Vers le clap de fin pour les Cars rapides et les Ndiaga Ndiaye

 

Africargus.com. – À l’occasion d’un panel sur la sécurité routière organisé par le Conseil économique, social et environnemental (Cese) de Dakar au Sénégal, plusieurs voix se sont élevées pour envoyer ces véritables institutions des transports sénégalais au musée.

Les routes tuent beaucoup trop au Sénégal en Afrique en général, tous les participants du panel intitulé « Le civisme et la sécurité routière » se sont accordés sur ce point.

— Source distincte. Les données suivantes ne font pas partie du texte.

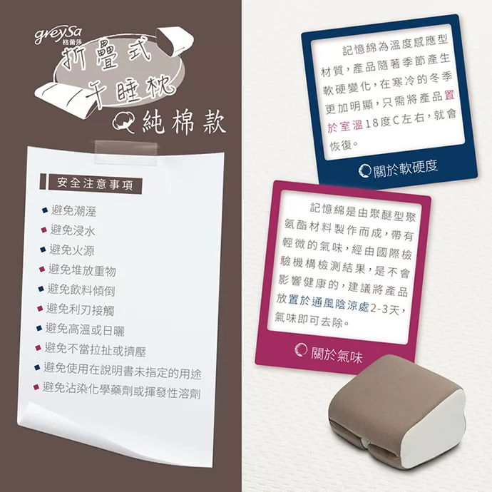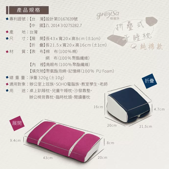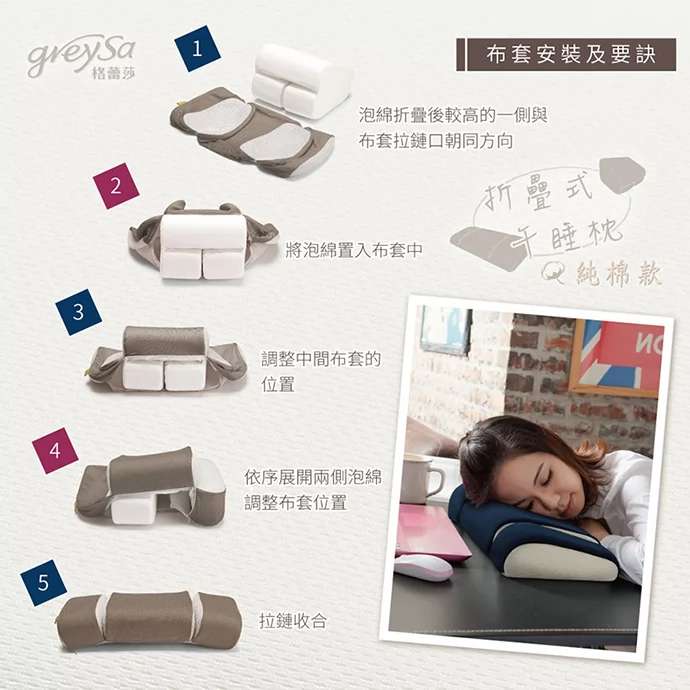 GreySa格蕾莎折疊式午睡枕純棉款適用對象:有午睡習慣的上班族、SOHO族、學生、孕婦等

À l’heure de déterminer les causes des accidents aussi, le consensus a été de mise : 90% de facteurs comportementaux, 3% de défauts d’infrastructures et 7% de causes liées à l’état général du véhicule.
Ce dernier point, pourtant largement mineur par rapport au facteur humain, a donné lieu à quelques communications et échanges dans l’enceinte du Cese. Les participants se sont accordés sur le fait qu’il fallait urgemment renouveler le parc sénégalais de véhicules en circulation. Les véhicules particuliers auraient 26 ans d’âge moyen dans le pays, les véhicules de transport 31 ans…

Le problème serait encore plus aigu concernant les cars rapides. Selon diverses sources, ils seraient arrivés au Sénégal entre 1975 et 1976, après avoir vécu une première vie en France. Ces engins, pour l’essentiel des Saviem SG2 (fabriqués entre 1965 et 1982), témoignent de millions de kilomètres, n’ont plus de vitres, pas de direction assistée et surtout des freins en rapport avec les véhicules de leur époque :

« Comment des véhicules comme les cars rapides et les 7 places, qui ont plus de 40 ans et qui dans les régions sont devenus des cercueils roulants peuvent-ils passer la visite technique ? » s’est ainsi interrogé un participant au panel.

Huit cents nouveaux bus

Le problème serait visiblement en passe d’être traité. Selon Thierno Birahim Aw, le directeur du Conseil exécutif des transports urbains de Dakar au Sénégal (Cetud) cité par Quotidien, 1607 cars rapides et autres Ndiaga Ndiaye auraient déjà été renouvelés. La dernière étape du renouvellement du parc aurait même débuté, « avec l’introduction de 800 véhicules en deux phases » qui vont « permettre d’assainir complètement le parc de mini-bus » d’après le directeur.
La fin de ces vénérables utilitaires français sera sans doute une bonne nouvelle pour la sécurité et l’environnement sénégalais. Il n’en reste pas moins que les accidents de la route sont surtout causés par l’imprudence des hommes :

« Les accidents, nous l’avons dit, relèvent à 90% du comportement. Ne faudrait-il pas déplacer le contrôle technique du véhicule vers un contrôle annuel du comportement du conducteur ? Au moins pour les conducteurs de transport en commun » a fait savoir l’un des intervenants du panel…
La route occasionne environ 600 décès et 4000 blessés par an au Sénégal.